::: Information shown :::

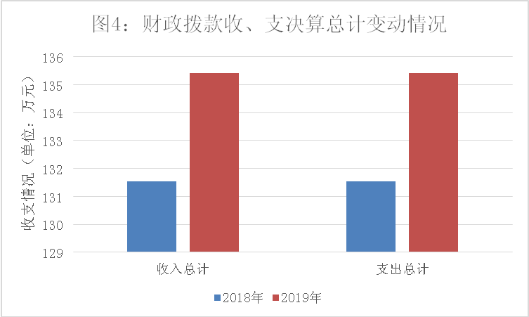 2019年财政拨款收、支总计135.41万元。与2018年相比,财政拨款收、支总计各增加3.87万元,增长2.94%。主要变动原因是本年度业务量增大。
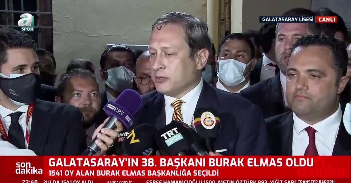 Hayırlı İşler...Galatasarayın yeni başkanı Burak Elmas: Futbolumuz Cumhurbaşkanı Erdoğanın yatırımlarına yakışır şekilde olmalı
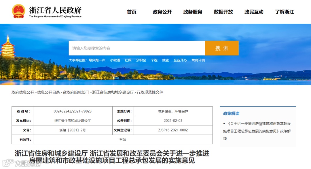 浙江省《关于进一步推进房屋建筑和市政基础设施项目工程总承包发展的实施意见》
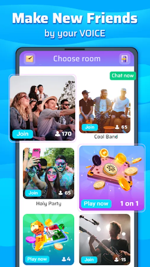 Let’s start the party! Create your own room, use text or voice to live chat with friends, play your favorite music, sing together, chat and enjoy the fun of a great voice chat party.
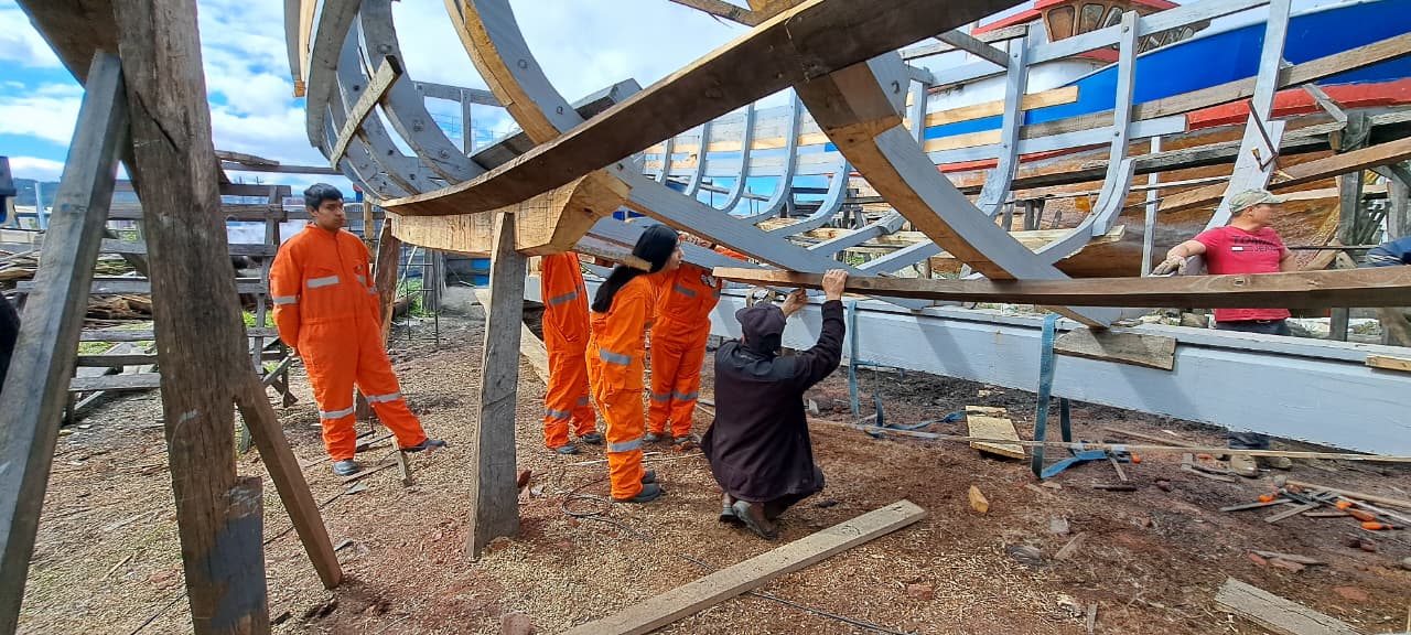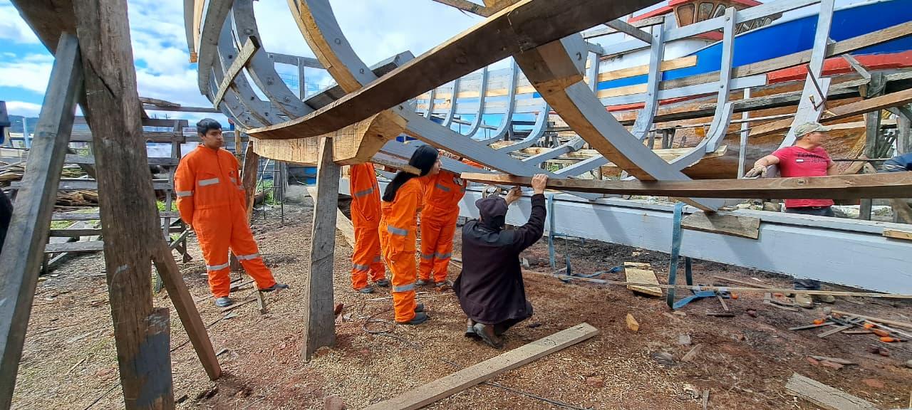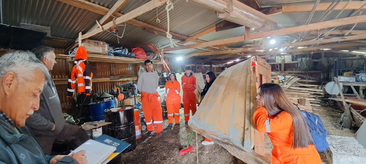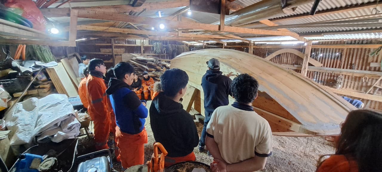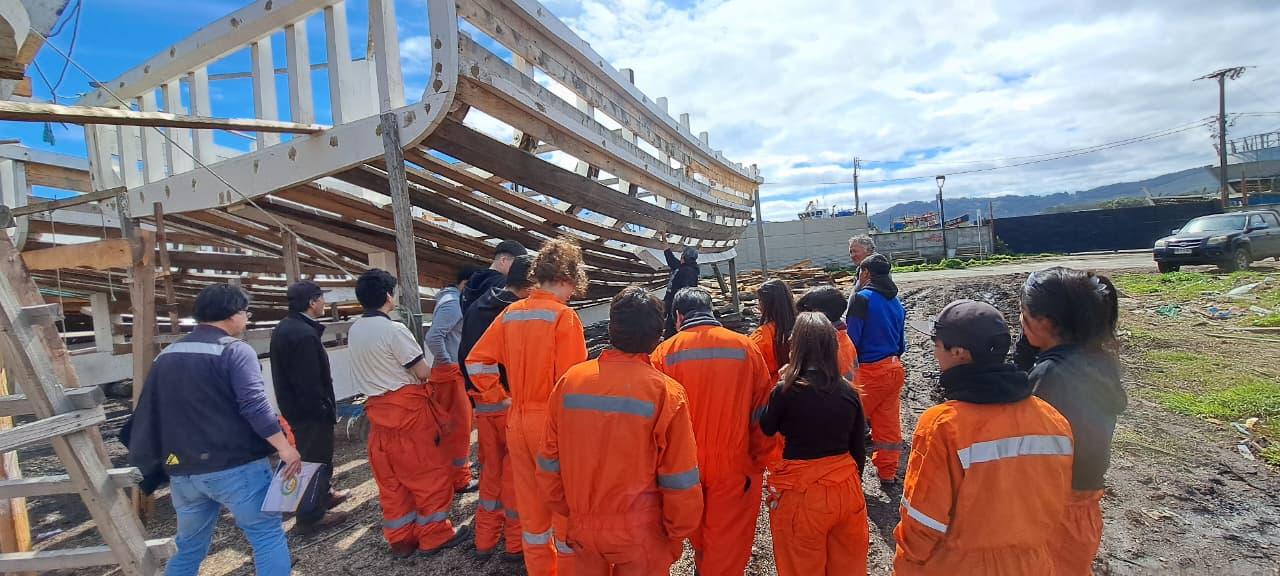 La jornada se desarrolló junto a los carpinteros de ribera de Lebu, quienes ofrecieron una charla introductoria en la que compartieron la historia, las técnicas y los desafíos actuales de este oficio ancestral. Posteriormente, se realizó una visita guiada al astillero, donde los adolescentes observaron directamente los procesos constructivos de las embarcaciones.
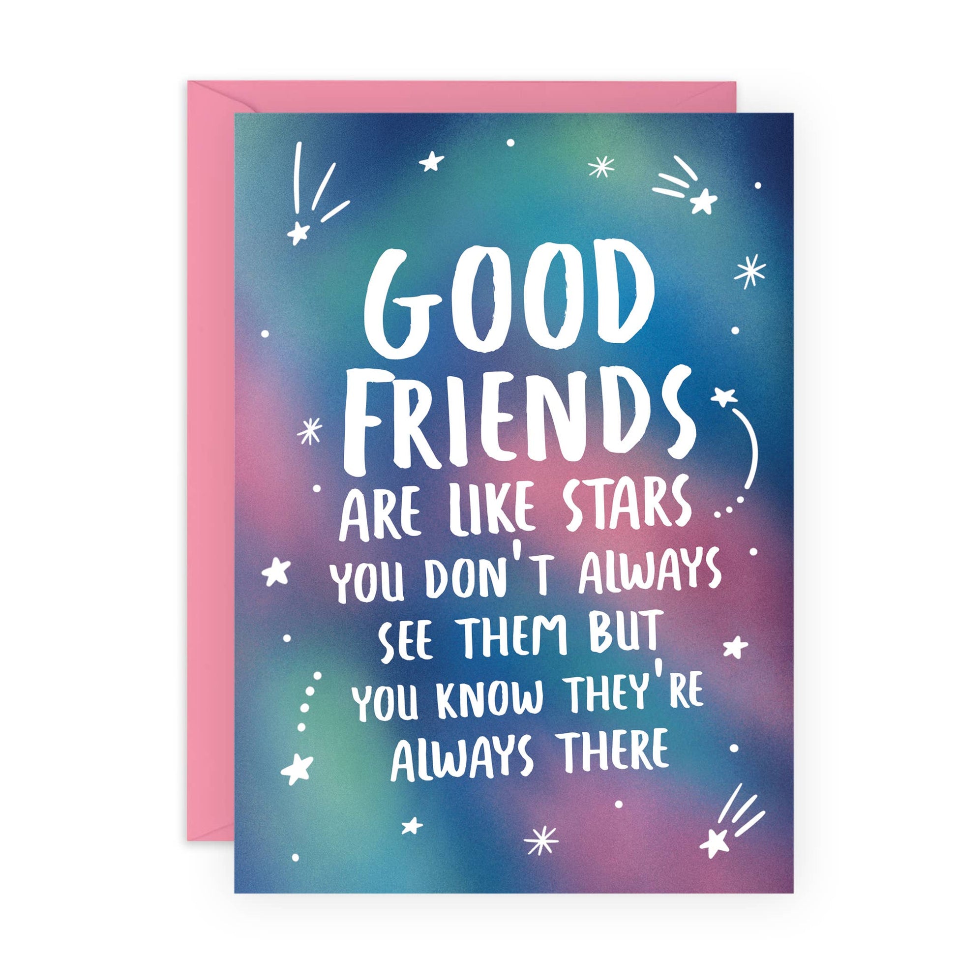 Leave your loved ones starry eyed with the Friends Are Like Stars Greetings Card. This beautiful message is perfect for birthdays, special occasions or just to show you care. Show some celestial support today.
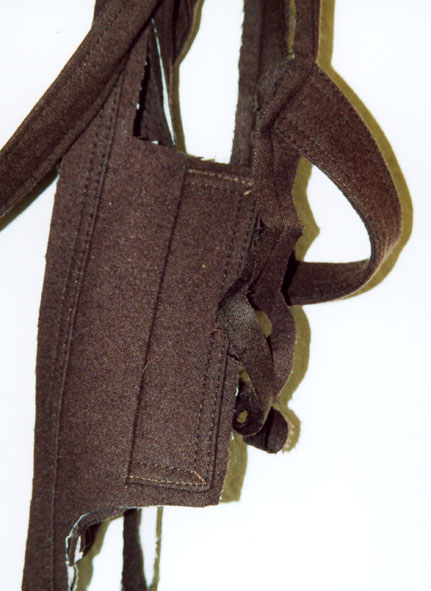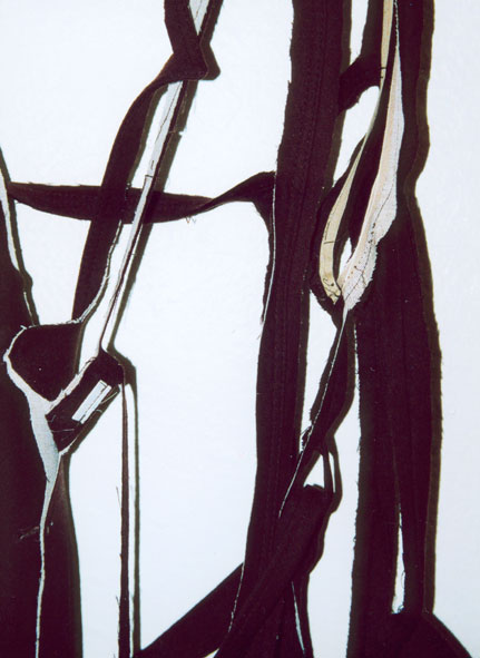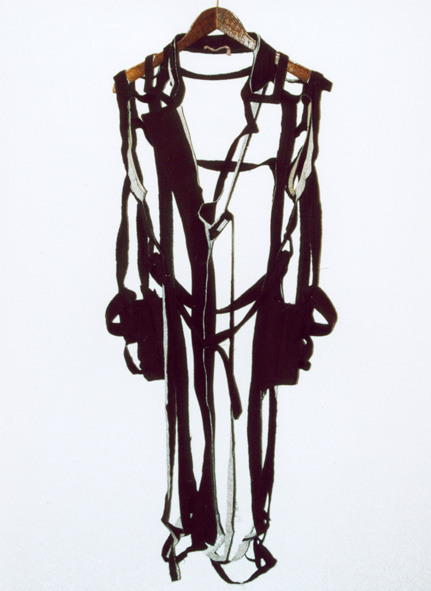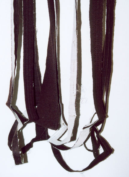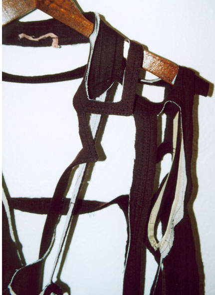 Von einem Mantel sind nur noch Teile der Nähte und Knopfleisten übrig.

:::

**Problem to work on**
Your task is to reproduce the entries above word for word, from the first line through the line with "Let’s start the", and please leave out any pictures.

**Written response**
 2019年财政拨款收、支总计135.41万元。与2018年相比,财政拨款收、支总计各增加3.87万元,增长2.94%。主要变动原因是本年度业务量增大。
 Hayırlı İşler...Galatasarayın yeni başkanı Burak Elmas: Futbolumuz Cumhurbaşkanı Erdoğanın yatırımlarına yakışır şekilde olmalı
 浙江省《关于进一步推进房屋建筑和市政基础设施项目工程总承包发展的实施意见》
 Let’s start the party! Create your own room, use text or voice to live chat with friends, play your favorite music, sing together, chat and enjoy the fun of a great voice chat party.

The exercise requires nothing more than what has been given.